An important tradition in Romanian society is the mother’s position at the center of the family and the one responsible for preparing meals [
22,
23]. As such, she typically ensures at least one cooked dish/day, an assumption confirmed by more than 80% of all children. Many girls and boys have at least one family meal/ day (30% vs. 40%), but many also eat fast food occasionally (73% vs. 79%).

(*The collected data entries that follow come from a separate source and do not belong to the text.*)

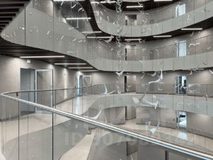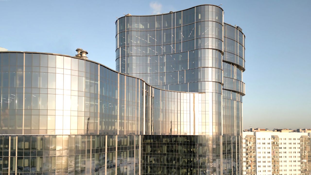 - 2 стеклянных башни (23 и 15 этажей) + малоэтажная секция "нос корабля"
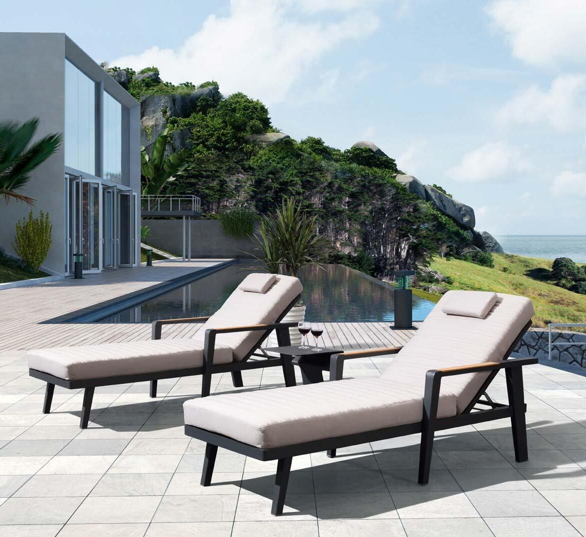 Set PALLISAD, ležalnik + mizica, ležalnik z blazino 80x215cm in mizica 47x47cm, aluminij/tik
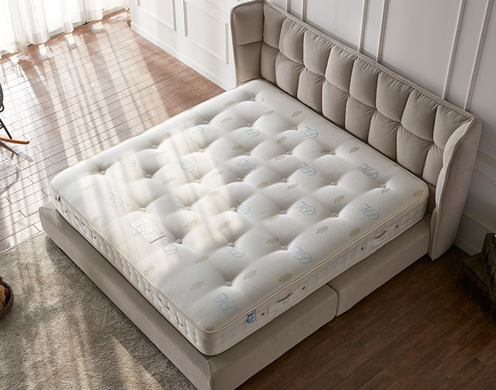 매트리스 내부 소재 모두 천연 소재이기에 레이어드 고정을 위하여 여느 매트리스와 달리 화학 본드를 사용하지 않고, 대바늘을 이용하여 매트리스의 옆면을 관통하여 안에 위치한 스프링과 단단히 고정을 시키는 작업으로 매트리스의 측면이 오랜 시간 사용에도 강한 서포트를 유지합니다.
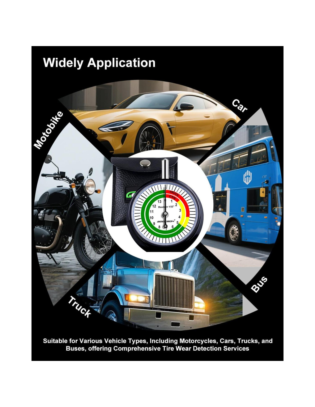 - 2. Compatibilidad Dual de Vehículos: Este medidor de profundidad de banda de rodadura tipo dial funciona sin problemas con coches de pasajeros y camiones, lo que lo convierte en una herramienta versátil para casi todas tus necesidades de mantenimiento de neumáticos.
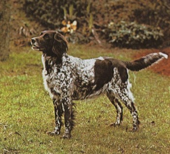 Описание. Рост от 58 до 62 см. Вес около 20 кг. У этих собак удлиненная голова и узкая морда. Глаза темные, с тяжелыми веками. Уши легкие, покрыты густой шерстью. Хвост держится горизонтально, купирован на несколько сантиметров. Шерсть гладкая. Окрас белый с черными пятнами или крапчатый с черными пятнами. Полностью черный окрас нежелателен.

One behavior that needs to be encouraged is eating the snack at school that most school-aged children still eat although girls are more likely to skip it, hoping to maintain a lower body weight (63% of the boys and 47% of the girls eat the snack). This snack could consist of a sandwich, fruits or, as expected, sweets (65%). In the daily diet of school-aged children we mainly find bread or polenta, potatoes, fruits and raw vegetables, milk and dairy products, butter or margarine, fish or meat and sweets. Almost one third (29%) do not consume water at all during the day, and boys consume at least 2 glasses of sweetened fizzy drinks/day (28.61%) compared to girls (16.43%). Regarding the conditions during which daily meals are consumed, a sizable portion of children eat while watching TV (approximately 24% of both girls and boys) or out of boredom -"sometimes"-100%. Some of the boys and girls also prefer to eat at night (9.5% vs. 6.2%).

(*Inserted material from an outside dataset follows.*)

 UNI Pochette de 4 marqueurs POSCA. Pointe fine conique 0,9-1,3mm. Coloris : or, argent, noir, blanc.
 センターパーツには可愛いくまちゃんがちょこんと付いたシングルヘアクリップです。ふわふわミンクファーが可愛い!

A large number of school-aged children attend physical education classes (75%) and engage in various outdoor activities (65%; football is the favorite sport among children in this group with a percentage of 17.24%), spending 2 hours a day for each one (physical education, 59% of all children attend classes and 27% - outdoor activities). Yet, the number of those who watch TV daily and weekly is very high, the vast majority choosing to spend 2-4 hours daily in front of the TV, roughly 17 hours/week for boys and 10 hours/week for girls [
24].
As a result of this study, in order to prevent a growing prevalence of overweight among the pediatric population in Romania, we suggest the following recommendations for school-aged children regarding food and lifestyle:
1. Implementation of educational programs for both families and schools via special classes on prevention. If parents adopt a healthy lifestyle, thus being a good example to follow, their children will be more likely to follow the same path.

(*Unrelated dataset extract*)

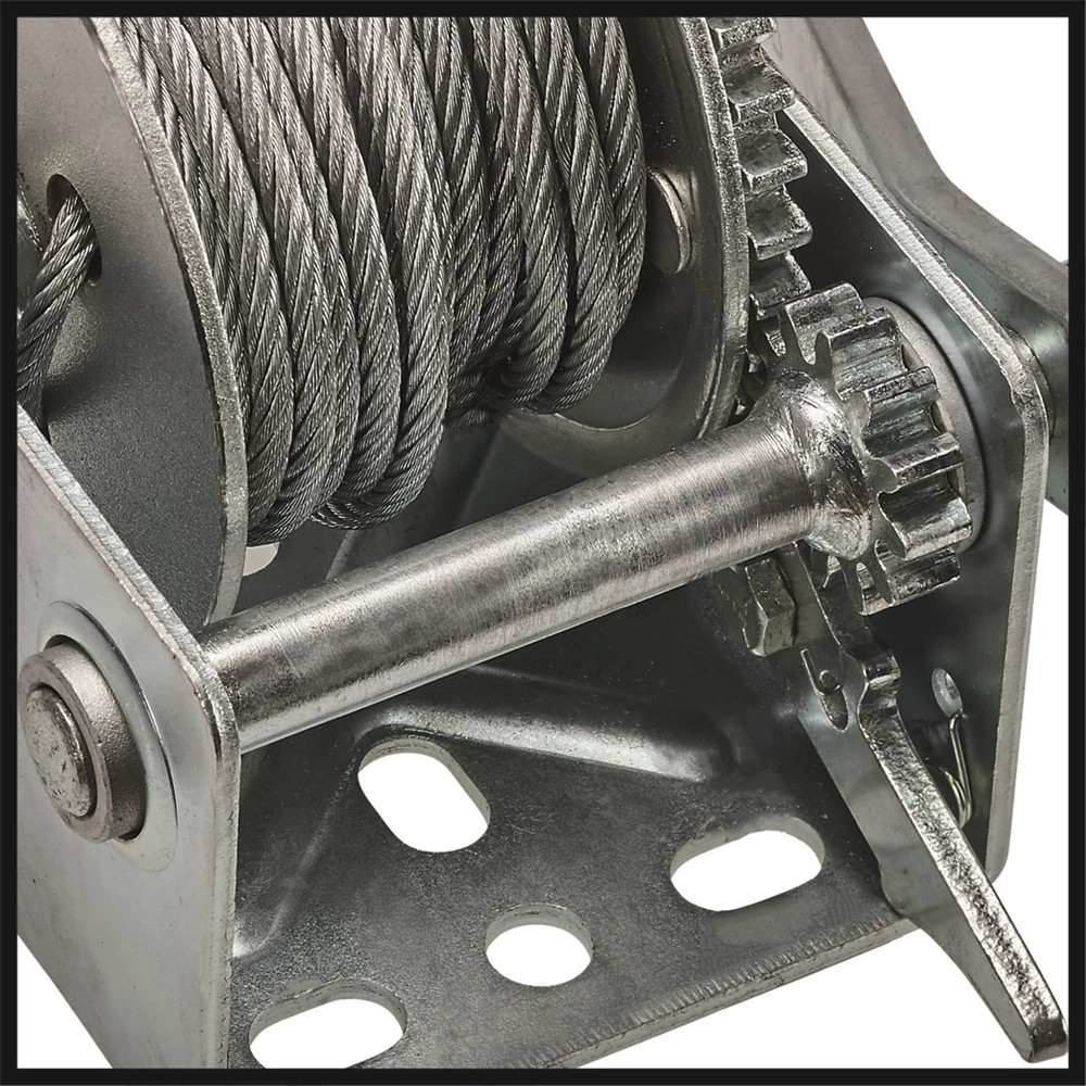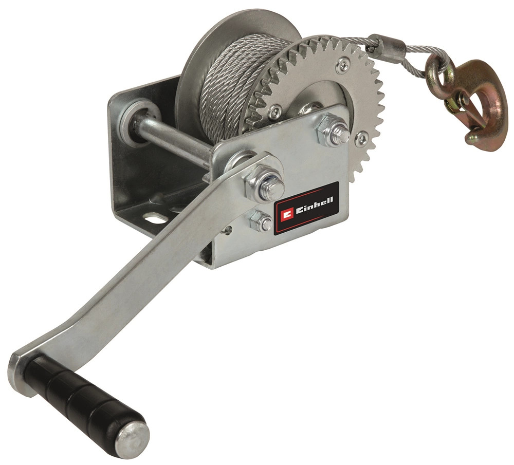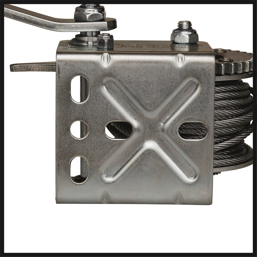 Az Einhell TC-WI 500 kézi csörlő maximális terhelhetősége 500 kilogramm. A gyári csomagolás tartalmazza a 10 méter hosszú, csavarodásmentes drótkötelet (O 4,2 mm) és a biztonsági karabinerrel felszerelt horgot is. A biztonsági karabiner megakadályozza, hogy a rögzített teher ki- vagy lecsúszhasson a horogról. A kilincsmű segítségével biztonságosan megállíthatja a kötelet és a terhet. A kézi hajtókar Softgrip borítású, ami erős fogást és kényelmes munkavégzést garantál. A csörlőt egyszerűen rögzítheti a lemezen található furatok segítségével.

2. Development of a long-term national strategy that incentivizes the benefits of an appropriate diet while concomitantly drawing attention to non-healthy alternatives:
o Decrease in the frequency of fast-food meals, which have become increasinly popular
o Higher consumption of fruits and dairy products instead of chips and sweets at school
o Promotion of compotes, homemade cookies, and jam instead of candies and chocholate as preferred sweets
o Promotion of cooked main meals, and the organization of school canteens/menus in which children should be involved
o More natural juice made of raw fruit/ vegertables and fewer or no fizzy drinks
o Age appropriate water consumption mandatory for all school-aged children, with simultaneous limitation of energetic beverages and coffee
3. Limitation of the leisure time in front of the TV or computer:
o Overall less than 2 hours daily
o No TV, video games, computer interactions during mealtimes
o No TV, video games, computers interactions due to boredom, offset by the introduction of engaging recreational activities
4. Greater attention to physical activities by the school-aged child:
o Greater involvement in household chores as appropriate
o Increased number of sports classes at school
o More attractive extracurricular activities to stimulate school-aged children’s participation
o Introduction of recreational activities designed for whole family participation
5. Scheduling regular visits to the family physician—especially if an obvious weight gain or loss is noticed—who will communicate to parents a body mass index outside the normal limits.